-- DATA FOR THE TASK follows --

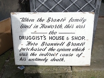 Back in the time of the Brontes this was the druggist's store where Branwell Bronte is believed to have purchased his laudanum, an opium based narcotic which was popular as a painkiller (and which was also used as a "recreational" drug too). This 1840s druggist's store was recreated recently (along with other buildings in the village) for the filming of a BBC drama called "To Walk Invisible" (pictured above).
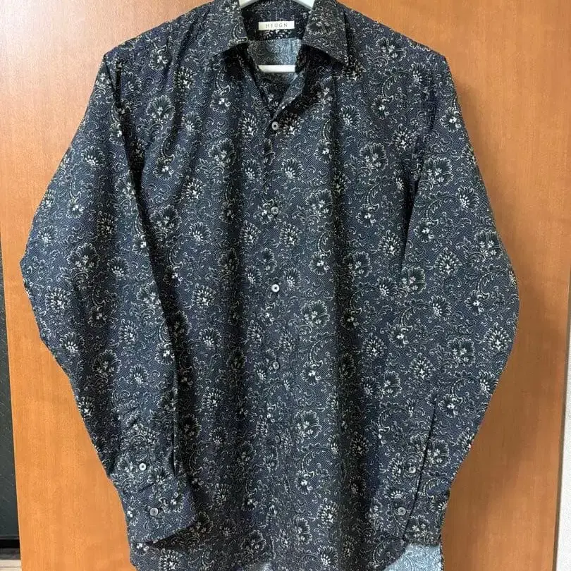 HEUGN 네이비 플라워 무늬 긴팔 셔츠
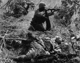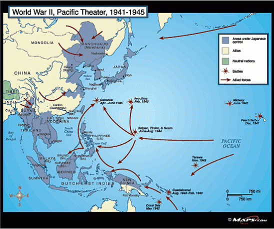 Par ailleurs, les Marines eurent recours à des techniques innovatrices d’assaut amphibie afin de capturer des bases stratégiques du Pacifique, et ce, de manière plus rapide et efficace que ce que les études d’avant-guerre sur le sujet l’avaient laissé entrevoir. Qui plus est, les sous-marins américains causèrent des ravages dans la flotte marchande nipponne qui ne s’en remit jamais, ni ne put enrayer la menace. Par contre, sur terre, les forces japonaises résistèrent obstinément, de manière telle que la littérature présente régulièrement cette forme de résistance comme étant du fanatisme.
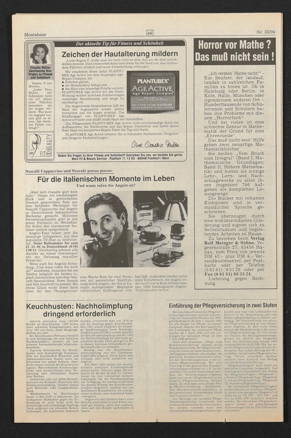 Wenn auch Sie Angelos Einladung „Und wann rufen Sie mich an?“ annehmen, brauchen Sie am Telefon lediglich die beiden typisch italienischen löslichen Nescafe-Spezialitäten, Ihren Namen und Ihre Anschrift zu nennen. Mit etwas Glück winkt Ihnen dann einer der drei Hauptgewinne:
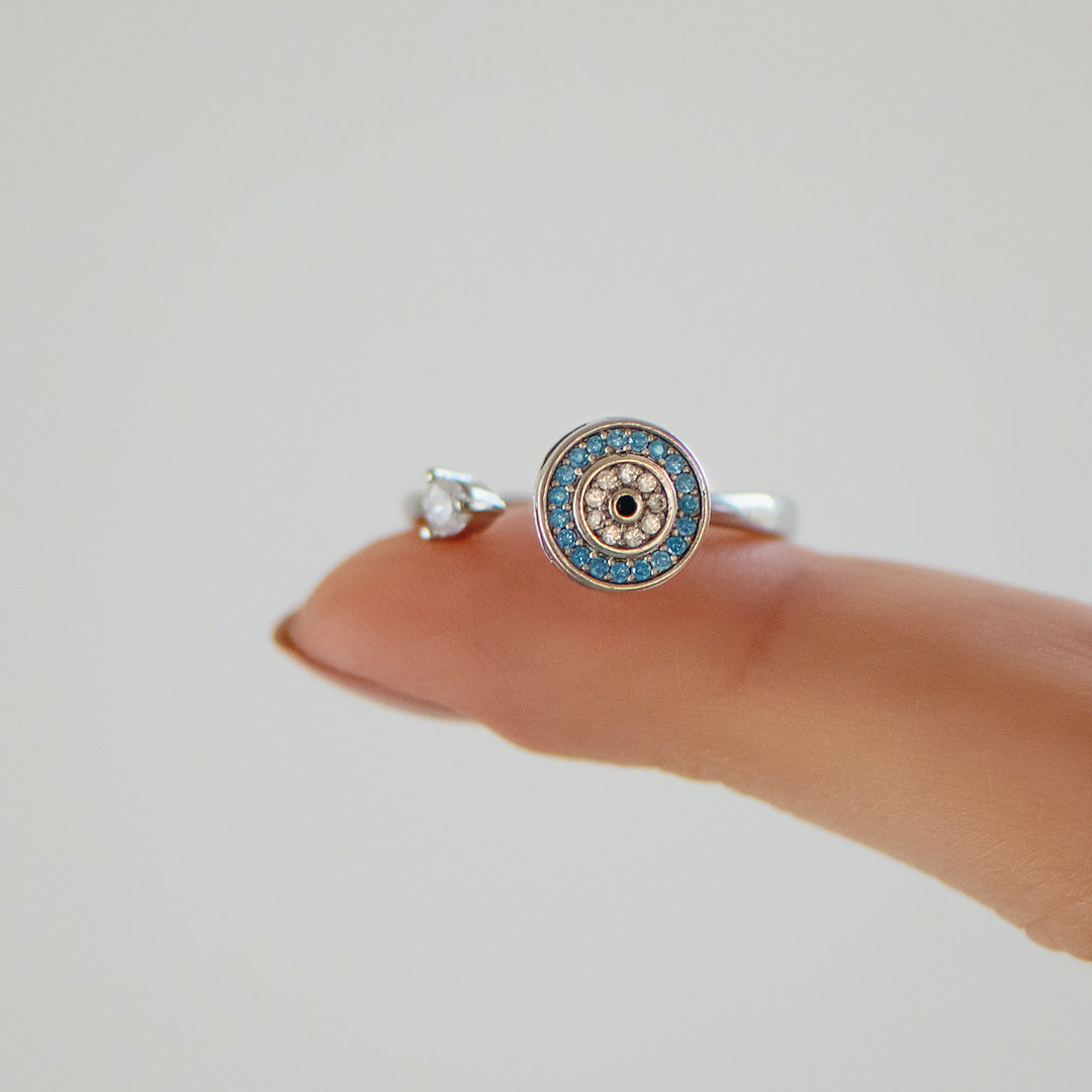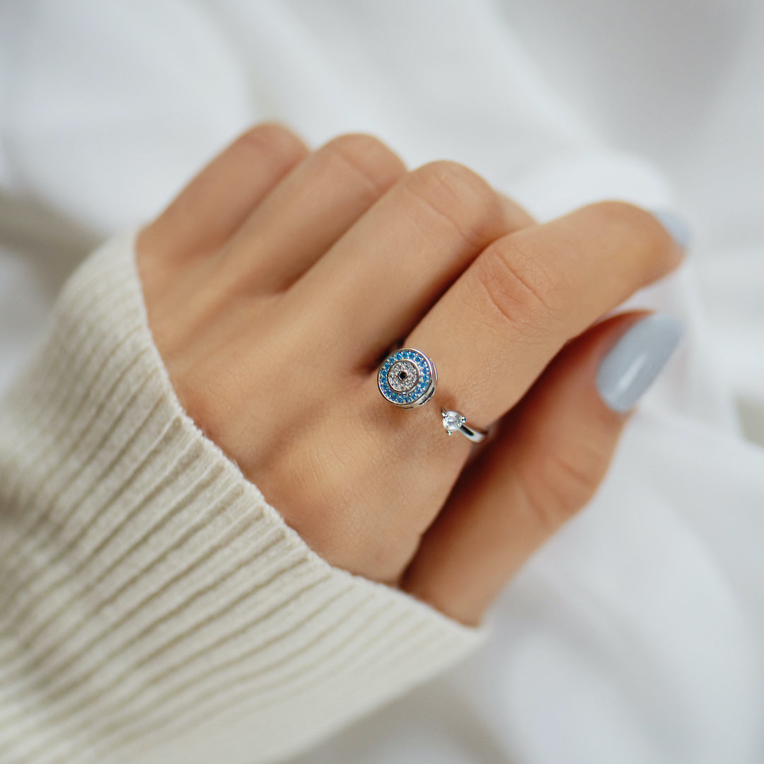 This beautifully crafted Evil Eye Fidget Ring features a unique design with a mesmerizing evil eye symbol, surrounded by intricate detailing. The evil eye has long been believed to ward off negative energy and protect you from harm.
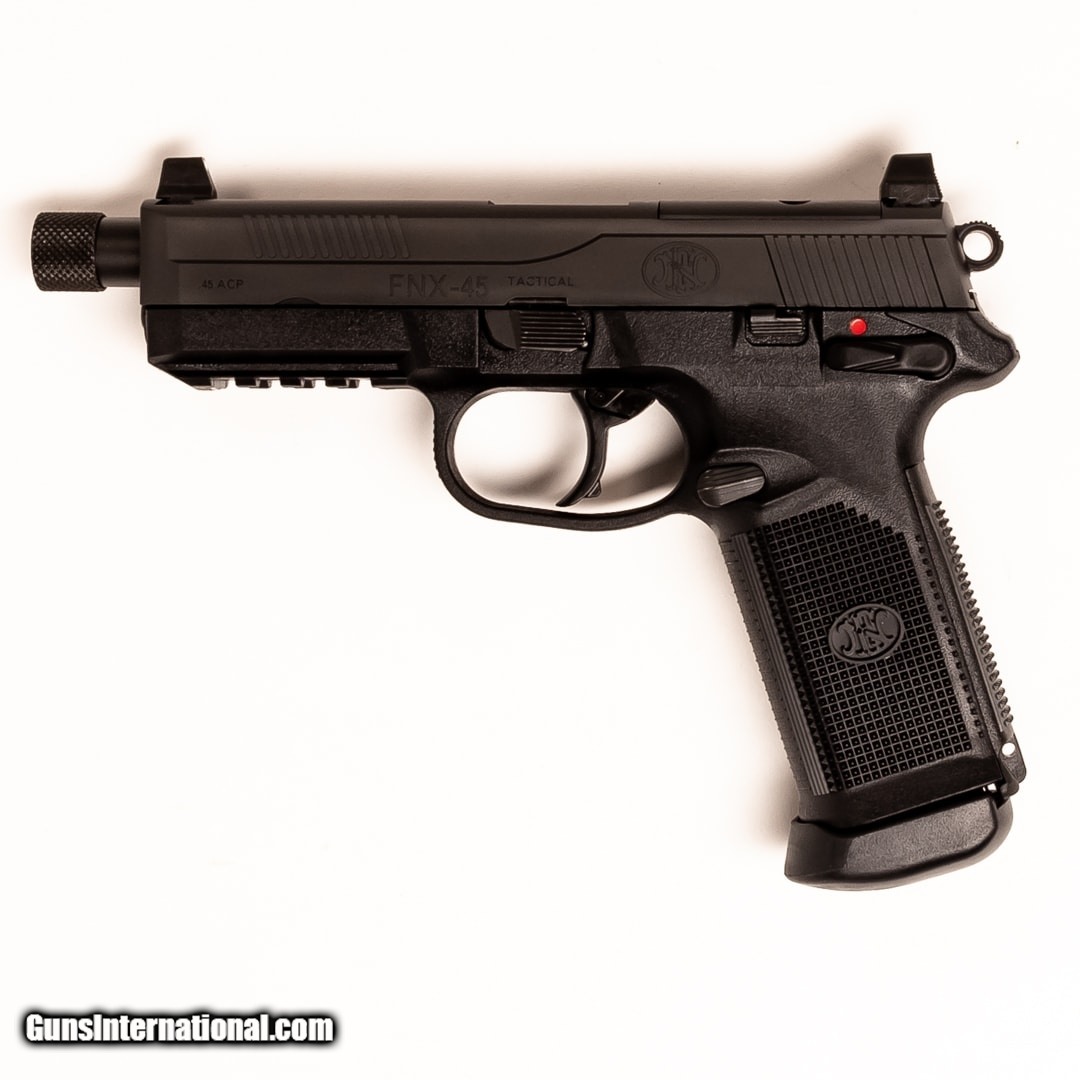 Description: Guns Listing ID: 632874 Developed for the U.S. Joint Combat Pistol Program, this FN FNX-45 Tactical is a 100% American-made semi-auto handgun and improvement on the FNP-45 Tactical. With unmatched performance, it is chambered in 45 ACP and offers fully ambidextrous controls. The polymer frame utilizes a low-bore axis, which reduces recoil, improves control, and offers natural point-ability, while the stainless steel barrel has a threaded muzzle. An integral rail makes for easy mounting of accessories. 3-15 round magazines, the original soft case, manual, 4 backstraps, and optics plates are included. Get the best bang for your buck when you get a Certified Used Firearm . When you see the Certified Used stamp on any of our firearms, you can be confident that you’re getting exactly what you want – a gun only in very good to excellent condition and held to the highest quality standard. All Certified Used Guns come with a ‘no questions asked’ return policy . PLUS, ALL CERTIFIED USED GUNS SHIP FREE! SOLD Manufacturer: FN Model: FNX-45 TACTICAL Caliber Info: .45 ACP Condition: Used - Certified Barrels: 5.30 barrel Finish: BLACK |
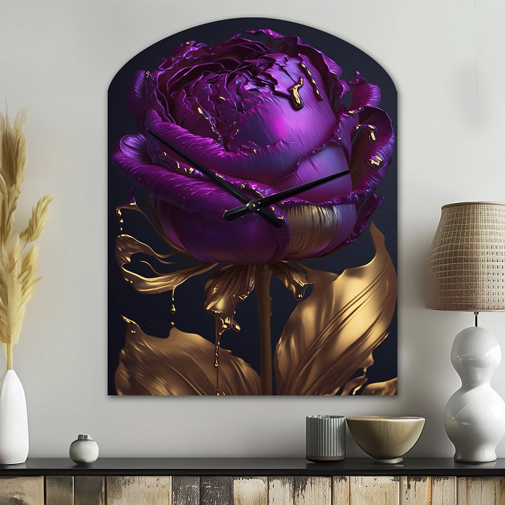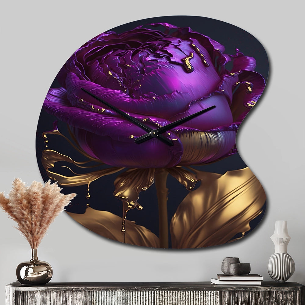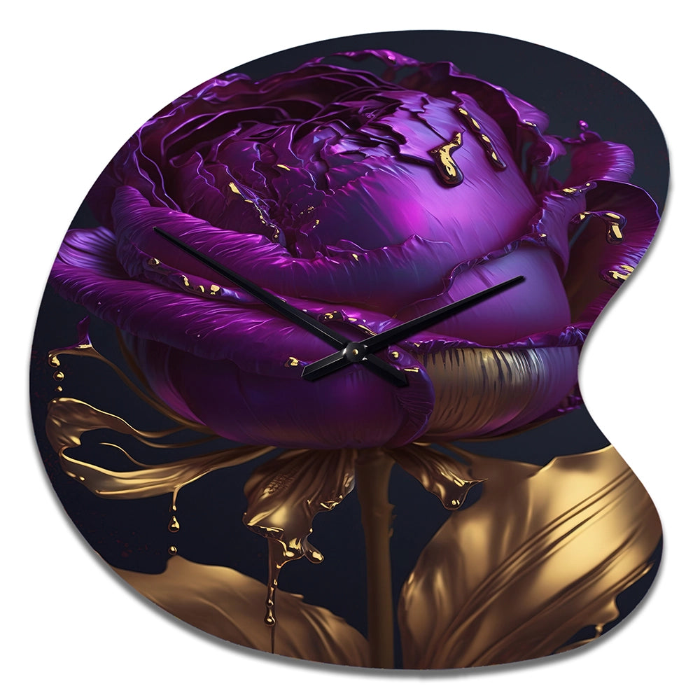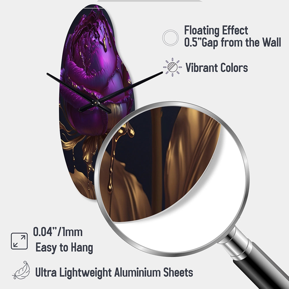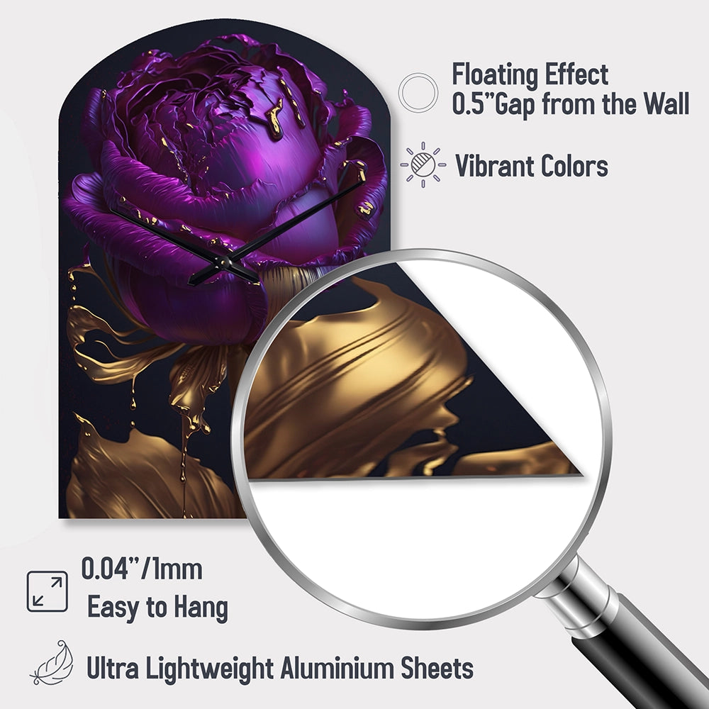 Purple Peony Liquid Gold III - Asymmetric Metal Wall Clock
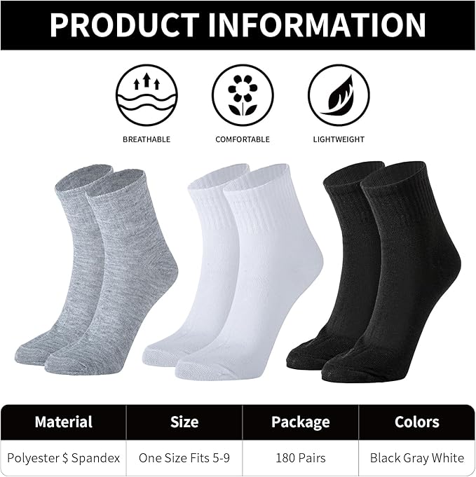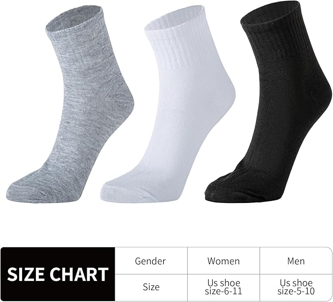 • Description: These set of socks were designed in simple and classic solid colors, easy to match a variety of styles of shoes such as running shoes, sneakers, boots and f lats.size 9-11,fits most men and women. This value set iincludes 3 pairs of quarter socks, 1pair ein black, white and gray for cheap price. Now you are able to buy enough quantity to meet your daily wear, replacement and sharing needs.
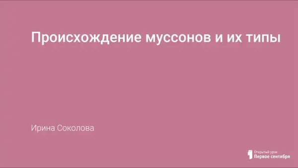 С различием в нагревании и охлаждении материков и океанов связано возникновение муссонов. Муссоны - воздушные течения, меняющие 2 раза в год (от зимы к лету и от лета к зиме) направление на противоположное. Летом и зимой они очень устойчивы, в переходных сезонах устойчивость муссонов нарушается. Слово муссон происходит от арабского «маусим» или малайского «монсин», то есть сезон. Возникают муссоны в полосе, пограничной между материками и океанами, там, где контрасты давления особенно велики.

-- DATA FOR THE TASK concluded --

▶ WORK REQUIRED: For this exercise, transcribe the entries verbatim and skip all pictures.

▶ SOLUTION TO THE PROBLEM:
 Back in the time of the Brontes this was the druggist's store where Branwell Bronte is believed to have purchased his laudanum, an opium based narcotic which was popular as a painkiller (and which was also used as a "recreational" drug too). This 1840s druggist's store was recreated recently (along with other buildings in the village) for the filming of a BBC drama called "To Walk Invisible" (pictured above).
 HEUGN 네이비 플라워 무늬 긴팔 셔츠
 Par ailleurs, les Marines eurent recours à des techniques innovatrices d’assaut amphibie afin de capturer des bases stratégiques du Pacifique, et ce, de manière plus rapide et efficace que ce que les études d’avant-guerre sur le sujet l’avaient laissé entrevoir. Qui plus est, les sous-marins américains causèrent des ravages dans la flotte marchande nipponne qui ne s’en remit jamais, ni ne put enrayer la menace. Par contre, sur terre, les forces japonaises résistèrent obstinément, de manière telle que la littérature présente régulièrement cette forme de résistance comme étant du fanatisme.
 Wenn auch Sie Angelos Einladung „Und wann rufen Sie mich an?“ annehmen, brauchen Sie am Telefon lediglich die beiden typisch italienischen löslichen Nescafe-Spezialitäten, Ihren Namen und Ihre Anschrift zu nennen. Mit etwas Glück winkt Ihnen dann einer der drei Hauptgewinne:
 This beautifully crafted Evil Eye Fidget Ring features a unique design with a mesmerizing evil eye symbol, surrounded by intricate detailing. The evil eye has long been believed to ward off negative energy and protect you from harm.
 Description: Guns Listing ID: 632874 Developed for the U.S. Joint Combat Pistol Program, this FN FNX-45 Tactical is a 100% American-made semi-auto handgun and improvement on the FNP-45 Tactical. With unmatched performance, it is chambered in 45 ACP and offers fully ambidextrous controls. The polymer frame utilizes a low-bore axis, which reduces recoil, improves control, and offers natural point-ability, while the stainless steel barrel has a threaded muzzle. An integral rail makes for easy mounting of accessories. 3-15 round magazines, the original soft case, manual, 4 backstraps, and optics plates are included. Get the best bang for your buck when you get a Certified Used Firearm . When you see the Certified Used stamp on any of our firearms, you can be confident that you’re getting exactly what you want – a gun only in very good to excellent condition and held to the highest quality standard. All Certified Used Guns come with a ‘no questions asked’ return policy . PLUS, ALL CERTIFIED USED GUNS SHIP FREE! SOLD Manufacturer: FN Model: FNX-45 TACTICAL Caliber Info: .45 ACP Condition: Used - Certified Barrels: 5.30 barrel Finish: BLACK |
 Purple Peony Liquid Gold III - Asymmetric Metal Wall Clock
 • Description: These set of socks were designed in simple and classic solid colors, easy to match a variety of styles of shoes such as running shoes, sneakers, boots and f lats.size 9-11,fits most men and women. This value set iincludes 3 pairs of quarter socks, 1pair ein black, white and gray for cheap price. Now you are able to buy enough quantity to meet your daily wear, replacement and sharing needs.
 С различием в нагревании и охлаждении материков и океанов связано возникновение муссонов. Муссоны - воздушные течения, меняющие 2 раза в год (от зимы к лету и от лета к зиме) направление на противоположное. Летом и зимой они очень устойчивы, в переходных сезонах устойчивость муссонов нарушается. Слово муссон происходит от арабского «маусим» или малайского «монсин», то есть сезон. Возникают муссоны в полосе, пограничной между материками и океанами, там, где контрасты давления особенно велики.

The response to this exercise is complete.